Let us choose the following normalizations (and note that others are possible and may be more appropriate, depending on the problem at hand):

\[\begin{aligned} \hat{A} &= \hat{l} \hat{B} , & \hat{\phi} &= \hat{l} \hat{E} , & \hat{L} &= m \hat{v}^2 = e \hat{\phi} , \end{aligned}\]

with the characteristic length $l$. The normalized Lagrangian becomes

\[L' = \bigg( \frac{\hat{x}}{\hat{t} \hat{v}} \, v' + \underbrace{\frac{e \hat{B}}{m}}_{\hat{\omega}_c} \frac{\hat{x} \hat{l}}{ \hat{t} \hat{v}^2} \, A' \bigg) \cdot \dot{x}' - \frac{\vert v' \vert^2}{2} - \phi' ,\]

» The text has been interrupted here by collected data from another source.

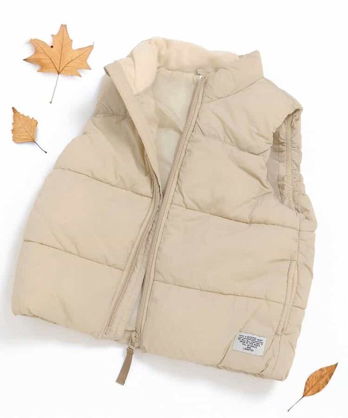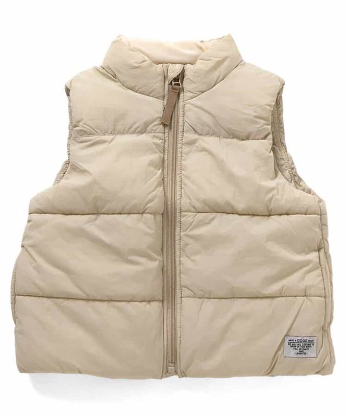 日本 BREEZE - 可機洗 輕量保暖鋪棉背心-米杏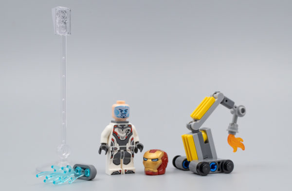 Pas de surprise à l'intérieur, ce qui s'y trouve est présenté sur le sachet : Une minifig d'Iron Man en version Quantum Suit qui rejoindra l'ensemble des autres personnages dans la même tenue répartis dans les différents sets basés sur le film, un support transparent pour que la minifig prenne un peu de hauteur et Dum-E, l'assistant-robot de Tony Stark.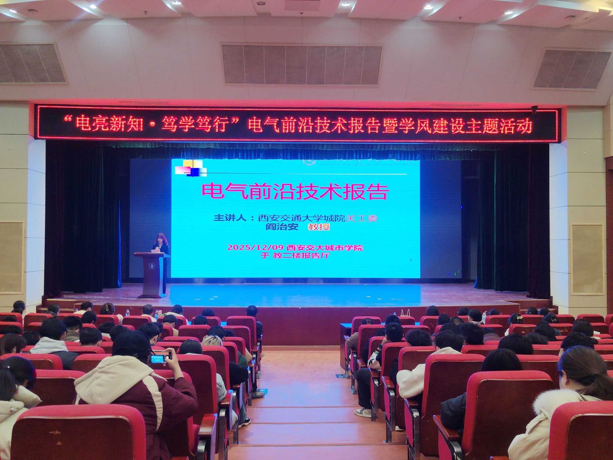 在前沿技术报告结束后,学风建设主题活动正式启动。电气信息学院院长助理廉宇婷进行学风建设政策宣读与动员讲话。她解读了学校及学院关于加强学风建设的相关政策要求,明确了学风建设的核心目标与具体举措。她结合电气专业学习的特点,从课堂纪律、课后复习、科研实践、诚信考试等多个维度,对同学们提出了具体的学习要求与期望。她鼓励同学们树立正确的学习态度,主动搭建互助学习小组,形成比学赶超的良好学习风气,以扎实的专业知识筑牢成长根基。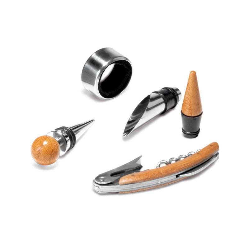 Súprava na víno z bambusu, zinku a nerezovej ocele. Obsahuje vývrtku so someliérskym nožom, krúžok na fľašu, zátku a lievik. 363 x 112 x 119 mm
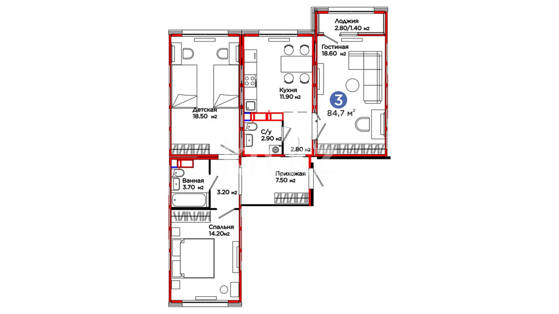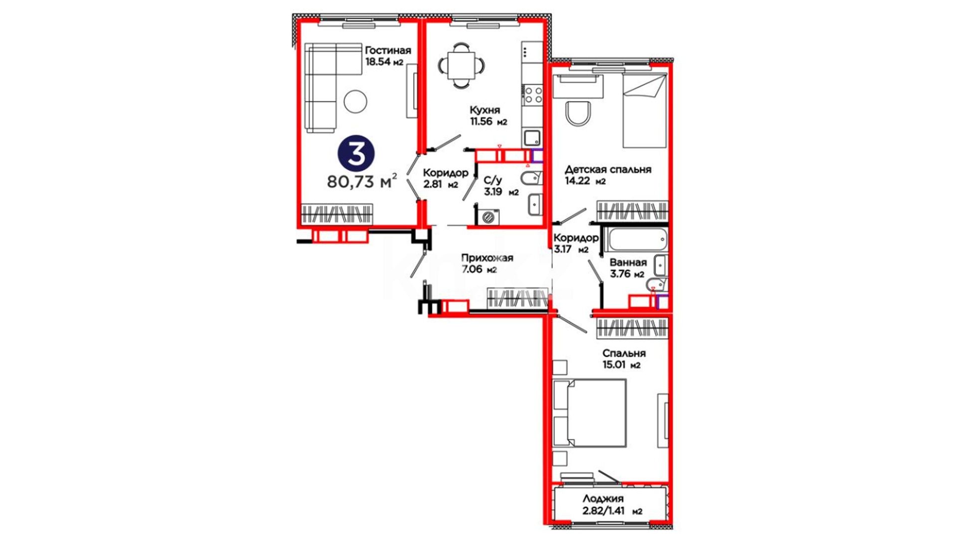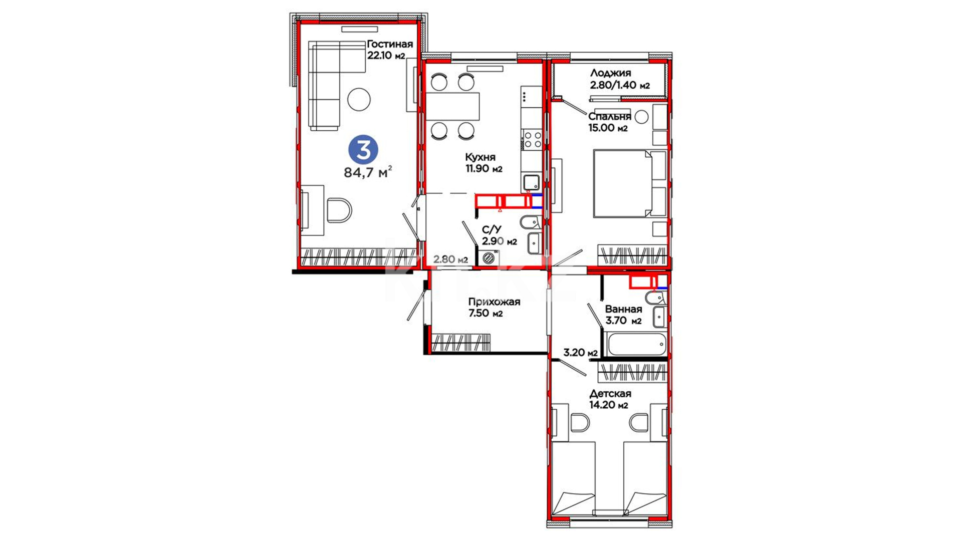 80.7 – 84.7 м²

where $\hat{\omega}_c = e \hat{B} / m$ is the characteristic gyration frequency. This suggests to set

\[\begin{aligned} \hat{t} &= \hat{\omega}_c^{-1} , & \hat{x} &= \hat{l} , & \hat{v} &= \frac{\hat{x}}{\hat{t}} = \hat{l} \hat{\omega}_c , \end{aligned}\]

so that

\[L' = ( v' + A' ) \cdot \dot{x}' - \frac{\vert v' \vert^2}{2} - \phi' .\]

We thus have obtained the normalized Lagrangian.

Strongly Magnetized Plasmas

Often, especially when simulating an ensemble of particles, it is more appropriate to normalize the velocity to the thermal velocity and to choose different length scales for $\hat{x}$ and $\hat{l}$, specifically

\[\begin{aligned} \hat{v} &= v_{\mathrm{th}} , & \hat{t} &= \hat{\omega}_c^{-1} , & \hat{A} &= \hat{l} \hat{B} , & \hat{\phi} &= \hat{l} \hat{E} , & \hat{L} &= m v_{\mathrm{th}}^2 , \end{aligned}\]

where $v_{\mathrm{th}} = \sqrt{ W / m}$ denotes the thermal velocity and $W = k_B T$ the thermal energy. Consequently,

\[L' = \bigg( \frac{\hat{x}}{\hat{t}} \frac{m \hat{v}}{m v_{\mathrm{th}}^2} \, v' + \frac{\hat{\omega}_c^2}{v_{\mathrm{th}}^2} \, \hat{x} \hat{l} \, A' \bigg) \cdot \dot{x}' - \frac{m \hat{v}}{m v_{\mathrm{th}}^2} \frac{\vert v' \vert^2}{2} - \frac{e \hat{\phi}}{m v_{\mathrm{th}}^2} \phi' .\]

Further, set

\[\begin{aligned} \hat{x} &= \hat{v} \hat{t} = \frac{v_{\mathrm{th}}}{\hat{\omega}_c} = \hat{\rho}_{\mathrm{th}} , \end{aligned}\]

where $\hat{\rho}_{\mathrm{th}}$ is the characteristic gyro radius, and the normalized Lagrangian becomes

\[L' = \bigg( v' + \frac{\hat{l}}{\hat{\rho}_{\mathrm{th}}} \, A' \bigg) \cdot \dot{x}' - \frac{\vert v' \vert^2}{2} - \frac{e \hat{\phi}}{m v_{\mathrm{th}}^2} \phi' .\]

This leaves room for different orderings and consequently different normalizations. For example, in drift kinetics, we have $\hat{\rho}_{\mathrm{th}} / \hat{l} \sim \epsilon$ and $e \hat{\phi} / m v_{\mathrm{th}}^2 \sim 1$, while in gyro kinetics, we have $\hat{\rho}_{\mathrm{th}} / \hat{l} \sim 1$ and $e \hat{\phi} / m v_{\mathrm{th}}^2 \sim \epsilon$.